The undeniably lay character of the readership may also explain the small numbers and incompleteness of the surviving copies of the Devote ghetiden, as the books would have been kept in private possession and used in households.29 While the book’s primary use would have been for individual silent prayer and contemplation, one can easily imagine that they might have been used for education of the young, especially the images showing the main events in the history of salvation. Furthermore, the books offer simple modes of prayer to illiterate members of the household.30
The first woodcut the late medieval reader of the Antwerp edition of the Devote ghetiden encountered is an emblematic image of Christ as the Man of Sorrows on the title page (fig. 1). The title above the image, introducing the text as Devote ghetiden vanden leven ende passie Ihesu Christi, positions Christ’s life as the main principle underlying the order of the daily spiritual exercises, which in itself should have made modern readers suspicious as this suggests a different arrangement than that of a traditional book of hours. Interestingly, the prayer cycle on salvation history is positioned as the principal component of the book, while as we have seen above the prayers on this subject were placed between a range of texts addressing various different subjects.
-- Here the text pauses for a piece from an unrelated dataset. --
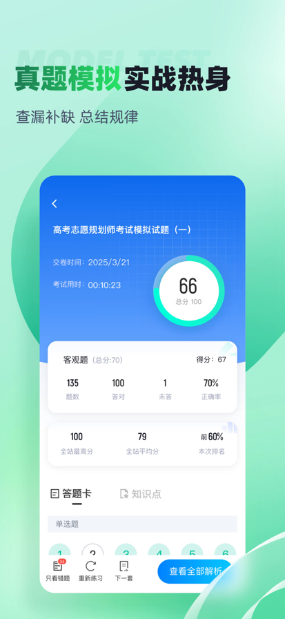 高考直通车:全方位高考服务平台,助你圆梦高考! 我们提供AI智能+大数据志愿填报助手、测录取概率、志愿捡漏、风险评估、高考咨询等志愿服务,提供实时更新大学录取分数、专业录取分数、计划招生人数、院校库、专业库、职业库及专业测评等工具辅助考生和家长报志愿。 【高考报考服务】 1. 模拟填报助手: 基于大数据和人工智能,实现院校和招生专业的录取概率预测!还有专业测评、同分去向等实用小工具,帮你做好高考志愿规划,辅助完成高考志愿填报,超智能便捷! 2. 测录取概率: 通过人工智能技术,智能计算最佳志愿方案,提供科学合理的填报建议,同时根据近5年录取数据综合智能推荐算法,为考生推荐录取概率高的大学。 3. 个性化推荐: 可以根据考生的关注点进行个性化推荐大学,包括专业/就业方向等。通过多维专业测评,为考生推荐出与性格及兴趣相匹配的专业方向。 4. 一键智能填报: 全面适配全国30个省份高考报考规则,一键快速匹配适合的志愿方案。让考生和家长轻松上手,快速完成模拟志愿填报流程,轻松找到适合你的大学和专业。 5. 志愿风险评估: 检测志愿表的风险分析,及时反馈填报结果,帮助考生更好地了解志愿填报情况,并可把志愿表Excel导出到本地编辑调整。 6. 院校库/专业库/职业库: 覆盖全国所有高校,985/211/双一流高校一网打尽,查分数、查专业、查院校一站式服务。汇集了教育部2500+专业、5年+分数线。整合各种职业信息、就业岗位、招聘信息,并与专业库进行联动,让专业选择更有前瞻性。提供热门专业推荐和职业前景分析,让考生选择专业不再迷茫。 7. 志愿捡漏系统:经过大数据算法推荐专业或院校,让你实现捡漏专业,捡漏学校等功能,可以实现低分高录。 8. 高招咨询会: 高校招生系列直播,大学教师和生涯规划师在线指导,详尽解读招生政策、王牌专业,给予考生和家长专业的升学指导和报考建议。 9. 模考成绩预测报告: 提供多种评估方式,包括模考/高考的学科成绩、综合素质、志愿意向等,为考生和家长提供高考预测报告服务。 【高考备考服务】 1. 车车AI:你的智能高考助手,全程陪你高考的智能小伙伴。 2. 高考真题&各地模考: 高考全国卷、各地一二模统考、北京卷、江苏卷、上海卷、浙江卷、天津卷、百校联考、A10联盟等海量高考模考答案快速更新,在线对答案。 3. 试题库: 试卷云管家功能,错题本、超智能识别试卷、清除手写笔记等,高度还原试卷原本样貌!试卷永久存储,快速查找整理归类整理错题本。 4. 目标计划: 设定高考目标,制定模考计划,规划每日学习计划。借鉴学霸的复习策略,与优秀同伴一同前行,共同迈向理想的大学。 5. 成绩管理: 记录每一次模考、月考、周测、统考成绩,制定考试目标,清晰展示每一次的考试差距。系统智能成绩分析,帮你快速找到学习症结所在,查漏补缺。 6. 自习室: 专属于高中生的在线自习平台。严苛模式和学霸模式,帮你解决自律能力弱,学习不主动问题,摆脱过度依赖手机,做你的贴身学习监督管家。 7. 高考倒计时: 每日早起签到,陪伴高三每个倒计时,还有正能量、每日一图等等,千万学霸一起追逐心中理想大学!还支持自定义多个倒计时,锁屏等等。 8. 高考头条: 高考动态、报考指南、自主招生、综合评价、专项计划、复习经验、学考录取,这里有超全超快的高考头条资讯,助你快速捕捉高考动向,抢占高考制高点。 9. 同学圈: 在线交流火热话题,分享复习经验,与老师、同学交流学习规划、探讨学习难题、共享学习方法,互相监督,共同进步。 10. 学霸笔记&学习干货: 内容涵盖了各个知识点,对重点、难点、疑点都进行了详细解释,有助于全面掌握知识。快速获取学霸复习经验和解题技巧。

Only the meditative text on Friday focuses on the Passion, and here the same woodcut of the Man of Sorrows is used. The fact that Christ’s Passion is central to the title page might have been part of Leeu’s commercial strategy, which sought to take advantage of the fifteenth-century popularity of the Life and Passion of Christ. Looking at the title page the reader got a taste of what was to come: full-page woodcuts that give central stage to the leading figures, placing them in the foreground, while providing enough detail to evoke an imaginative visual experience and structure the process of prayer.31
The next image the reader of the Devote ghetiden encounters is the image of Death, which is placed next to the opening of the first meditative text, to be read on Monday (fig. 2). All of the meditative texts at the start of each chapter are accompanied by images depicting the contemplative subject for that day. Apart from structuring the text and enabling readers to find a certain section more easily,32 these images appear to have two main functions: they announce the subject of the day to the readers and prepare them for reading and subsequently ruminating upon the text. It is the woodcut that influences their initial disposition and mental state. In this case Death is presented as a personification, which turns the relatively abstract notion of death into an active actor, a real and present peril. The words in the banderole, “Nemini parco qui vivit in orbe (I spare no one who lives in the world),” not only create a dialogue between text and image, bringing death to life, they also initiate an interaction between the reader (it is the reader to whom Death speaks) and the meditative subject of that day. Death’s statement demands a reaction from the reader—not a literal response but an internal reflection: how does the reader deal with the feelings the image arouses and what stance does he or she take? Are readers prepared for their own personal confrontation with Death?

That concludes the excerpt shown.